◆ Requirement ◆
Print out every line of the material exactly. Include no pictures.

◆ Provided data ◆
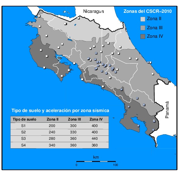 De acuerdo con el Código Sísmico de Costa Rica 2010 (CSCR-2010), el país se divide en tres zonas sísmicas de importancia denominadas: Zona II, Zona III y Zona IV. Estas se muestran en el siguiente mapa que también contienen los sitios de registro y los valores de aceleración para este sismo.
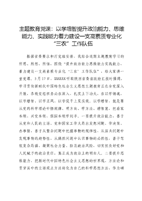 主题教育党课:以学增智提升政治能力、思维能力、实践能力 着力建设一支高素质专业化“三农”工作队伍.docx
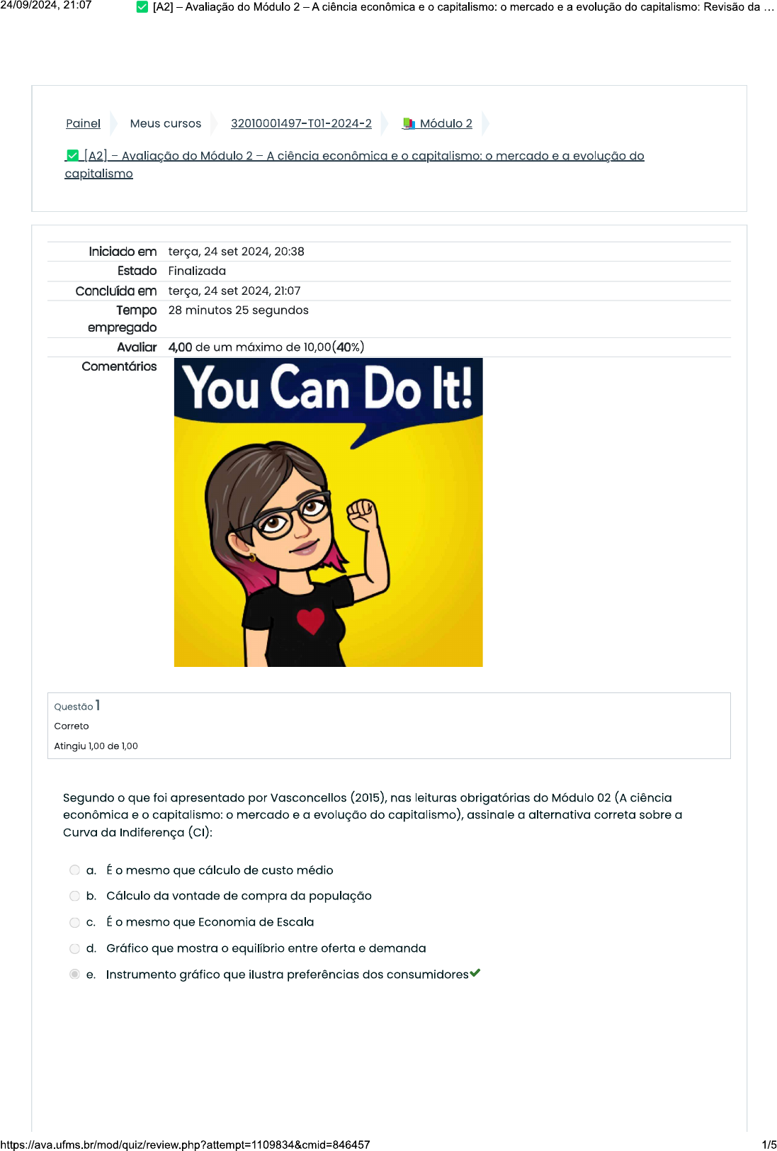 <p>24/09/2024, 21:07 [A2] - Avaliação do Módulo 2 - A ciência econômica e o capitalismo: o mercado e a evolução do capitalismo: Revisão da Painel Meus cursos 32010001497-T01-2024-2 Módulo 2 [A2] Avaliação do Módulo 2 - A ciência econômica e o capitalismo: o mercado e a evolução do capitalismo Iniciado em terça, 24 set 2024, 20:38 Estado Finalizada Concluída em terça, 24 set 2024, 21:07 Tempo 28 minutos 25 segundos empregado 4,00 de um máximo de 10,00(40%) Comentários You Can Do It! Questão 1 Correto Atingiu 1,00 de 1,00 Segundo o que foi apresentado por Vasconcellos (2015), nas leituras obrigatórias do Módulo 02 (A ciência econômica e o capitalismo: o mercado e a evolução do capitalismo), assinale a alternativa correta sobre a Curva da Indiferença (CI): a. É o mesmo que cálculo de custo médio b. Cálculo da vontade de compra da população C. É o mesmo que Economia de Escala d. Gráfico que mostra o equilíbrio entre oferta e demanda e. Instrumento gráfico que ilustra preferências dos consumidores https://ava.ufms.br/mod/quiz/review.php?attempt=1109834&cmid=846457 1/5</p><p>24/09/2024, 21:07 [A2] - Avaliação do Módulo 2 - A ciência econômica e o capitalismo: o mercado e a evolução do capitalismo: Revisão da Questão 2 Incorreto Atingiu 0,00 de 1,00 Segundo o que foi apresentado por Vasconcellos (2015), no Módulo 02 (A ciência econômica e o capitalismo: o mercado e a evolução do capitalismo), assinale a alternativa que contém os julgamentos corretos (verdadeiro ou falso), das afirmações a seguir, sobre restrição orçamentária e linha de preços: Restrição orçamentária é o quanto de renda se encontra disponível ao consumidor, em um dado momento ( ) Restrição orçamentária é o mesmo que reta orçamentária ( ) Linha de preços é o mesmo que reta orçamentária Linha de preços é o mesmo que restrição orçamentária a. V; F; V: F b. F; F; V; V C. V; V; V; F d. V; F x e. V; F; F; V Questão 3 Incorreto Atingiu 0,00 de 1,00 Segundo o que foi apresentado por Vasconcellos (2015), nas leituras obrigatórias do Módulo 02 (A ciência econômica e o capitalismo: o mercado e a evolução do capitalismo), a alternativa que contém os julgamentos corretos (verdadeiro ou falso), das afirmações a seguir, sobre lucro: ( ) Lucro contábil = receito total menos custos contábeis ( ) que passar do lucro contábil é chamado de lucro econômico ou lucro extraordinário ( ) Lucro normal é o custo de oportunidade do capital que é incluído nos custos totais Lucro econômico ou extraordinário é a receita total menos os custos totais a. V; F; F; V b. V; V; F; x C. V; F; F; F d. V; V; V; F e. V; F; V; V 2/5</p><p>24/09/2024, 21:07 [A2] - Avaliação do Módulo 2 A ciência econômica e o capitalismo: o mercado e a evolução do capitalismo: Revisão da Questão 4 Correto Atingiu 1,00 de 1,00 Segundo que foi apresentado por Vasconcellos (2015), no Módulo 02 (A ciência econômica e o capitalismo: o mercado e a evolução do capitalismo), sobre a Lei Geral da Demanda, assinale a alternativa correta: a. Não é estudada dentro da Microeconomia b. Diz que a quantidade ofertada de um bem/serviço possui relação inversa com seu preço, coeteris paribus. C. Diz que a quantidade demandada de um bem/serviço possui relação inversa com seu preço, coeteris paribus. d. Diz que a quantidade demandada de um bem/serviço possui relação direta com seu preço, coeteris paribus. e. É estudada na Macroeconomia Questão 5 Correto Atingiu 1,00 de 1,00 Com base na vídeo disponibilizada no módulo 2 (Incentivos, funcionamento dos mercados e efeito de impostos), assinale a alternativa correta sobre o conceito de "Curva de Demanda": a. Representação gráfica da renda das pessoas em relação ao seu poder de compra b. Representação gráfica da quantidade necessária de bens para a produção de um único item C. Representação gráfica da quantidade produzida d. Representação gráfica dos limites de produção de uma determinada economia e. Representação gráfica de uma demanda, mostrando a relação entre preço e quantidade Questão 6 Incorreto Atingiu 0,00 de 1,00 Segundo que foi apresentado por Vasconcellos (2015), nas leituras obrigatórias do Módulo 02 (A ciência econômica e o capitalismo: o mercado e a evolução do capitalismo), a alternativa correta sobre a teoria neoclássica: a. Na teoria neoclássica o objetivo da firma é minimizar o lucro total b. Segundo a teoria neoclássica, o objetivo da firma é maximizar o lucro total C. Na teoria neoclássica o objetivo da firma é minimizar o lucro marginal d. Na teoria neoclássica o objetivo da firma é maximizar o lucro marginal e. Segundo a teoria neoclássica, o objetivo da firma é maximizar os custos fixos https://ava.ufms.br/mod/quiz/review.php?attempt=1109834&cmid=846457 3/5</p><p>24/09/2024. 21:07 [A2] - Avaliação do Módulo 2 A ciência econômica e o capitalismo: o mercado e a evolução do capitalismo: Revisão da Questão 7 Incorreto Atingiu 0,00 de 1,00 Quais são os exemplos de bens complementares, a partir das leituras de Vasconcellos (2015): a. e Carros b. Alimentos e celulares x C. Combustível e d. Computadores e combustível e. Carros e combustível Questão 8 Incorreto Atingiu 0,00 de 1,00 Segundo o que foi apresentado por Vasconcellos (2015), nas leituras obrigatórias do Módulo 02 (A ciência econômica e o capitalismo: o mercado e a evolução do capitalismo), assinale a alternativa que contém os julgamentos corretos (verdadeiro ou falso), das afirmações a seguir, sobre Receita média e Receita Marginal: ( ) Receita Média: receita adicional, ou alteração na receita total, em razão da variação na quantidade vendida ( ) Receita Marginal: receita unitária. ( ) A Receita Média: receita unitária ( ) Receita Marginal: receita adicional, ou alteração na receita total, em razão da variação na quantidade vendida a. V; V; V; F b. V; V; F; FX C. F; F; V; V

◆ Task result ◆
 De acuerdo con el Código Sísmico de Costa Rica 2010 (CSCR-2010), el país se divide en tres zonas sísmicas de importancia denominadas: Zona II, Zona III y Zona IV. Estas se muestran en el siguiente mapa que también contienen los sitios de registro y los valores de aceleración para este sismo.
 主题教育党课:以学增智提升政治能力、思维能力、实践能力 着力建设一支高素质专业化“三农”工作队伍.docx
 <p>24/09/2024, 21:07 [A2] - Avaliação do Módulo 2 - A ciência econômica e o capitalismo: o mercado e a evolução do capitalismo: Revisão da Painel Meus cursos 32010001497-T01-2024-2 Módulo 2 [A2] Avaliação do Módulo 2 - A ciência econômica e o capitalismo: o mercado e a evolução do capitalismo Iniciado em terça, 24 set 2024, 20:38 Estado Finalizada Concluída em terça, 24 set 2024, 21:07 Tempo 28 minutos 25 segundos empregado 4,00 de um máximo de 10,00(40%) Comentários You Can Do It! Questão 1 Correto Atingiu 1,00 de 1,00 Segundo o que foi apresentado por Vasconcellos (2015), nas leituras obrigatórias do Módulo 02 (A ciência econômica e o capitalismo: o mercado e a evolução do capitalismo), assinale a alternativa correta sobre a Curva da Indiferença (CI): a. É o mesmo que cálculo de custo médio b. Cálculo da vontade de compra da população C. É o mesmo que Economia de Escala d. Gráfico que mostra o equilíbrio entre oferta e demanda e. Instrumento gráfico que ilustra preferências dos consumidores https://ava.ufms.br/mod/quiz/review.php?attempt=1109834&cmid=846457 1/5</p><p>24/09/2024, 21:07 [A2] - Avaliação do Módulo 2 - A ciência econômica e o capitalismo: o mercado e a evolução do capitalismo: Revisão da Questão 2 Incorreto Atingiu 0,00 de 1,00 Segundo o que foi apresentado por Vasconcellos (2015), no Módulo 02 (A ciência econômica e o capitalismo: o mercado e a evolução do capitalismo), assinale a alternativa que contém os julgamentos corretos (verdadeiro ou falso), das afirmações a seguir, sobre restrição orçamentária e linha de preços: Restrição orçamentária é o quanto de renda se encontra disponível ao consumidor, em um dado momento ( ) Restrição orçamentária é o mesmo que reta orçamentária ( ) Linha de preços é o mesmo que reta orçamentária Linha de preços é o mesmo que restrição orçamentária a. V; F; V: F b. F; F; V; V C. V; V; V; F d. V; F x e. V; F; F; V Questão 3 Incorreto Atingiu 0,00 de 1,00 Segundo o que foi apresentado por Vasconcellos (2015), nas leituras obrigatórias do Módulo 02 (A ciência econômica e o capitalismo: o mercado e a evolução do capitalismo), a alternativa que contém os julgamentos corretos (verdadeiro ou falso), das afirmações a seguir, sobre lucro: ( ) Lucro contábil = receito total menos custos contábeis ( ) que passar do lucro contábil é chamado de lucro econômico ou lucro extraordinário ( ) Lucro normal é o custo de oportunidade do capital que é incluído nos custos totais Lucro econômico ou extraordinário é a receita total menos os custos totais a. V; F; F; V b. V; V; F; x C. V; F; F; F d. V; V; V; F e. V; F; V; V 2/5</p><p>24/09/2024, 21:07 [A2] - Avaliação do Módulo 2 A ciência econômica e o capitalismo: o mercado e a evolução do capitalismo: Revisão da Questão 4 Correto Atingiu 1,00 de 1,00 Segundo que foi apresentado por Vasconcellos (2015), no Módulo 02 (A ciência econômica e o capitalismo: o mercado e a evolução do capitalismo), sobre a Lei Geral da Demanda, assinale a alternativa correta: a. Não é estudada dentro da Microeconomia b. Diz que a quantidade ofertada de um bem/serviço possui relação inversa com seu preço, coeteris paribus. C. Diz que a quantidade demandada de um bem/serviço possui relação inversa com seu preço, coeteris paribus. d. Diz que a quantidade demandada de um bem/serviço possui relação direta com seu preço, coeteris paribus. e. É estudada na Macroeconomia Questão 5 Correto Atingiu 1,00 de 1,00 Com base na vídeo disponibilizada no módulo 2 (Incentivos, funcionamento dos mercados e efeito de impostos), assinale a alternativa correta sobre o conceito de "Curva de Demanda": a. Representação gráfica da renda das pessoas em relação ao seu poder de compra b. Representação gráfica da quantidade necessária de bens para a produção de um único item C. Representação gráfica da quantidade produzida d. Representação gráfica dos limites de produção de uma determinada economia e. Representação gráfica de uma demanda, mostrando a relação entre preço e quantidade Questão 6 Incorreto Atingiu 0,00 de 1,00 Segundo que foi apresentado por Vasconcellos (2015), nas leituras obrigatórias do Módulo 02 (A ciência econômica e o capitalismo: o mercado e a evolução do capitalismo), a alternativa correta sobre a teoria neoclássica: a. Na teoria neoclássica o objetivo da firma é minimizar o lucro total b. Segundo a teoria neoclássica, o objetivo da firma é maximizar o lucro total C. Na teoria neoclássica o objetivo da firma é minimizar o lucro marginal d. Na teoria neoclássica o objetivo da firma é maximizar o lucro marginal e. Segundo a teoria neoclássica, o objetivo da firma é maximizar os custos fixos https://ava.ufms.br/mod/quiz/review.php?attempt=1109834&cmid=846457 3/5</p><p>24/09/2024. 21:07 [A2] - Avaliação do Módulo 2 A ciência econômica e o capitalismo: o mercado e a evolução do capitalismo: Revisão da Questão 7 Incorreto Atingiu 0,00 de 1,00 Quais são os exemplos de bens complementares, a partir das leituras de Vasconcellos (2015): a. e Carros b. Alimentos e celulares x C. Combustível e d. Computadores e combustível e. Carros e combustível Questão 8 Incorreto Atingiu 0,00 de 1,00 Segundo o que foi apresentado por Vasconcellos (2015), nas leituras obrigatórias do Módulo 02 (A ciência econômica e o capitalismo: o mercado e a evolução do capitalismo), assinale a alternativa que contém os julgamentos corretos (verdadeiro ou falso), das afirmações a seguir, sobre Receita média e Receita Marginal: ( ) Receita Média: receita adicional, ou alteração na receita total, em razão da variação na quantidade vendida ( ) Receita Marginal: receita unitária. ( ) A Receita Média: receita unitária ( ) Receita Marginal: receita adicional, ou alteração na receita total, em razão da variação na quantidade vendida a. V; V; V; F b. V; V; F; FX C. F; F; V; V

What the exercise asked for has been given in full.